- **Work task**: Nothing but the lines below between the line holding "Mit vereinten Kräften" and the line holding "Modern and fun", inclusive, should appear in the answer, each set down exactly.

- **Dataset records**:
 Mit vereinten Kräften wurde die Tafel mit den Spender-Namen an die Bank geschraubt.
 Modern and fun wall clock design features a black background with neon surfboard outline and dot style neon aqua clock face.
--
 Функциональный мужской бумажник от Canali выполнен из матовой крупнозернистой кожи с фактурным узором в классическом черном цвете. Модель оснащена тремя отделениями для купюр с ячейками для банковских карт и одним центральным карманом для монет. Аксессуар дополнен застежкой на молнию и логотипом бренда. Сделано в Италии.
--
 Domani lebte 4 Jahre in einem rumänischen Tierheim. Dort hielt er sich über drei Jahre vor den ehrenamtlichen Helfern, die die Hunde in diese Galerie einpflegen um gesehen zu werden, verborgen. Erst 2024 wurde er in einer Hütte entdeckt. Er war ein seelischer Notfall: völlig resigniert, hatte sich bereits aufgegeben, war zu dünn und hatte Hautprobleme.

- **Solution**:
 Mit vereinten Kräften wurde die Tafel mit den Spender-Namen an die Bank geschraubt.
 Modern and fun wall clock design features a black background with neon surfboard outline and dot style neon aqua clock face.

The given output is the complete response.